DATA PROVIDED:
------------------------

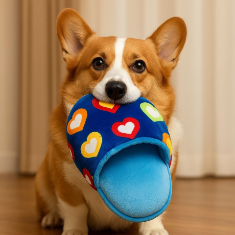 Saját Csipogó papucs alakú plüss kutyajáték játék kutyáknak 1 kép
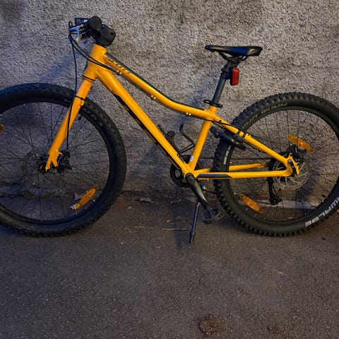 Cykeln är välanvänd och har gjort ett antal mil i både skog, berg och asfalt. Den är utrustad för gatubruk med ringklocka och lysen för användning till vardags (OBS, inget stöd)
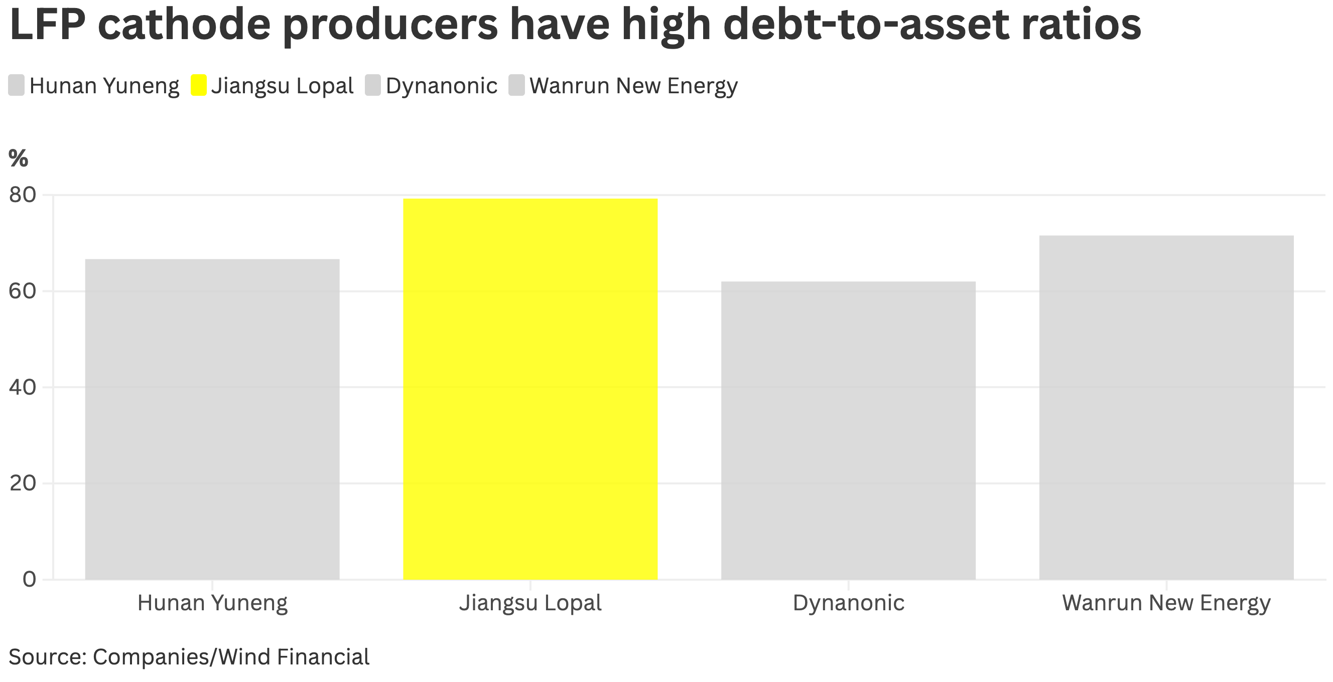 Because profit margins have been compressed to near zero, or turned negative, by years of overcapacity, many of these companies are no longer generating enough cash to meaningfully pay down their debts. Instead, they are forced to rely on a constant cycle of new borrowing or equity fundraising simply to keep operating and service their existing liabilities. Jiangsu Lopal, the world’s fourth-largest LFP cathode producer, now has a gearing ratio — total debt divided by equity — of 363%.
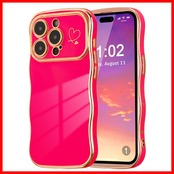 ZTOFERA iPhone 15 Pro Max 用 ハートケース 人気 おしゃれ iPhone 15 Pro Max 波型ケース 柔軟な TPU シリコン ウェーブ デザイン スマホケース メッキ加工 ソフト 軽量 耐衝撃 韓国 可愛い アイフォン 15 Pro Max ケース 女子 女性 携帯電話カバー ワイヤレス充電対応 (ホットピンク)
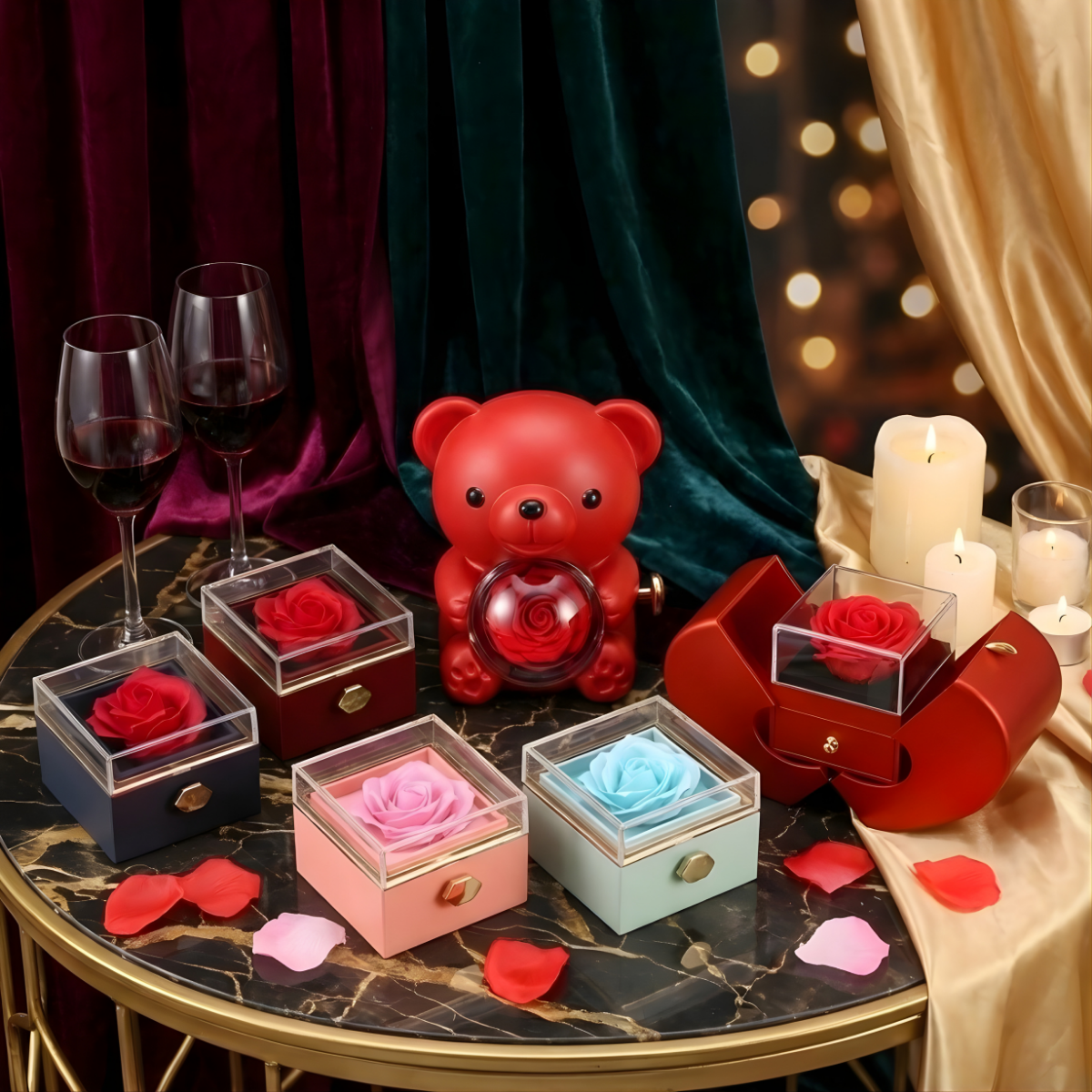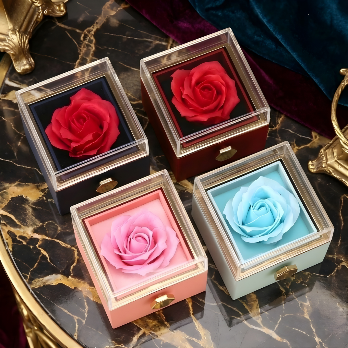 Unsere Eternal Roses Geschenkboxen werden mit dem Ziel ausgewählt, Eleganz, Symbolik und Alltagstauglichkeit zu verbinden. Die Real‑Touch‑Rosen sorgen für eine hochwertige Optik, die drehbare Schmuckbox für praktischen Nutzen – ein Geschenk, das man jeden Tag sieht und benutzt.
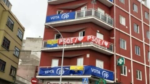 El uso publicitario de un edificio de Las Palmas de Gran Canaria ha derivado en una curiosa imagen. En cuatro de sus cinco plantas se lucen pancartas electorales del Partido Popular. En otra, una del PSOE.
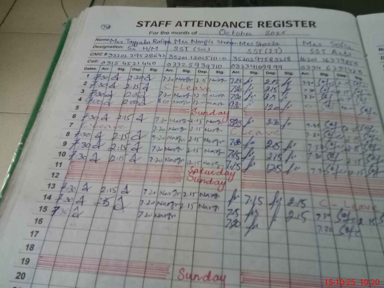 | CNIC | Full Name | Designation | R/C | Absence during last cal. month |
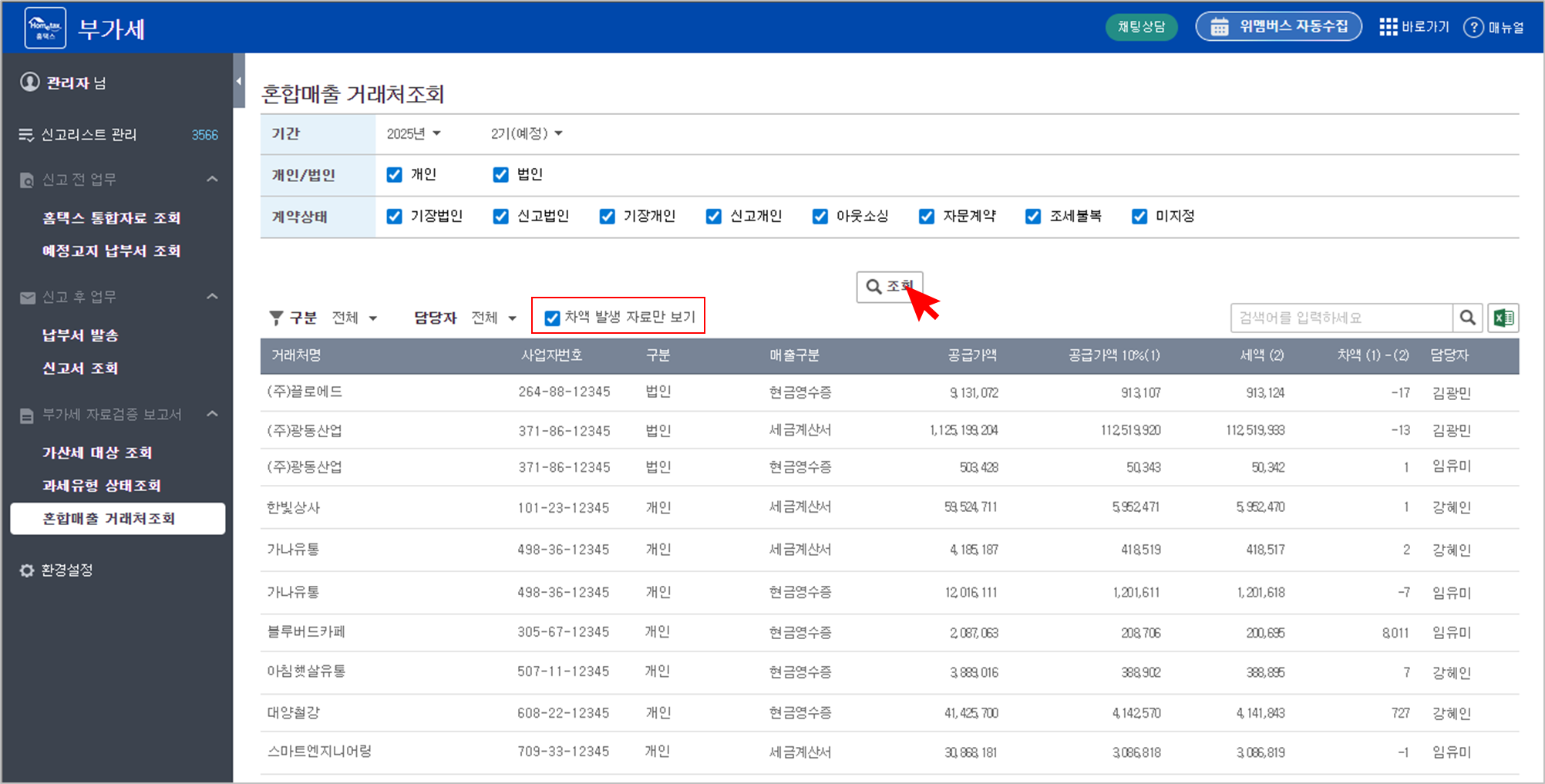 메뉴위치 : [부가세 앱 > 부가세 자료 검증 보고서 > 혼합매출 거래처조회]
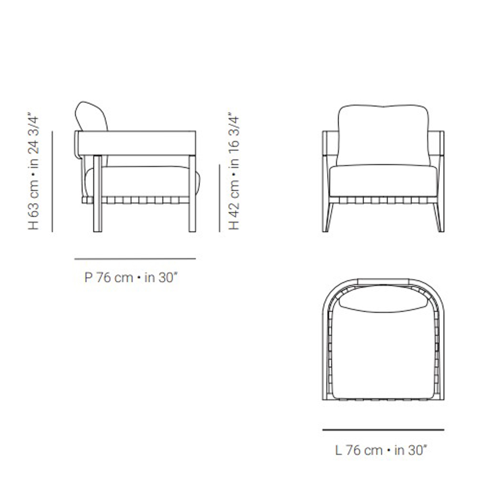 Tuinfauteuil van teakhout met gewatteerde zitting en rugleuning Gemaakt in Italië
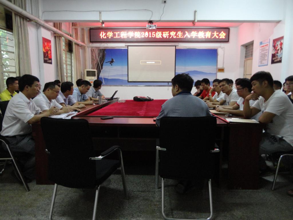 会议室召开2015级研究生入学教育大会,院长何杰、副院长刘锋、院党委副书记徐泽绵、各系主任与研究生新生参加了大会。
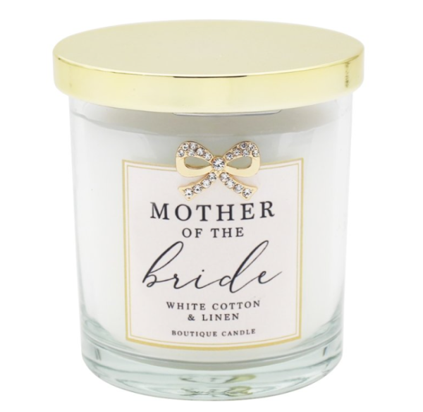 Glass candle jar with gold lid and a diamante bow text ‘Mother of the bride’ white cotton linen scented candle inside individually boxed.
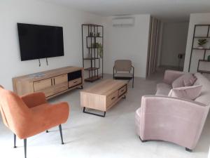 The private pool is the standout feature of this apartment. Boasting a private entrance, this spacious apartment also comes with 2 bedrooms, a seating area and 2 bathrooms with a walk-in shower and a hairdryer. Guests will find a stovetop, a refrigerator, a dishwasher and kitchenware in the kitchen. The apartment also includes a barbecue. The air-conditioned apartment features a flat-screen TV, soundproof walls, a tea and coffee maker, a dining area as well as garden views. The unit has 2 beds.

------------------------

With the pictures omitted, restate word for word the lines above from the line that has "Unsere Eternal Roses" up to and including the line that has "Glass candle jar", and no other lines.

SOLVED EXERCISE:
 Unsere Eternal Roses Geschenkboxen werden mit dem Ziel ausgewählt, Eleganz, Symbolik und Alltagstauglichkeit zu verbinden. Die Real‑Touch‑Rosen sorgen für eine hochwertige Optik, die drehbare Schmuckbox für praktischen Nutzen – ein Geschenk, das man jeden Tag sieht und benutzt.
 El uso publicitario de un edificio de Las Palmas de Gran Canaria ha derivado en una curiosa imagen. En cuatro de sus cinco plantas se lucen pancartas electorales del Partido Popular. En otra, una del PSOE.
 | CNIC | Full Name | Designation | R/C | Absence during last cal. month |
 메뉴위치 : [부가세 앱 > 부가세 자료 검증 보고서 > 혼합매출 거래처조회]
 Tuinfauteuil van teakhout met gewatteerde zitting en rugleuning Gemaakt in Italië
 会议室召开2015级研究生入学教育大会,院长何杰、副院长刘锋、院党委副书记徐泽绵、各系主任与研究生新生参加了大会。
 Glass candle jar with gold lid and a diamante bow text ‘Mother of the bride’ white cotton linen scented candle inside individually boxed.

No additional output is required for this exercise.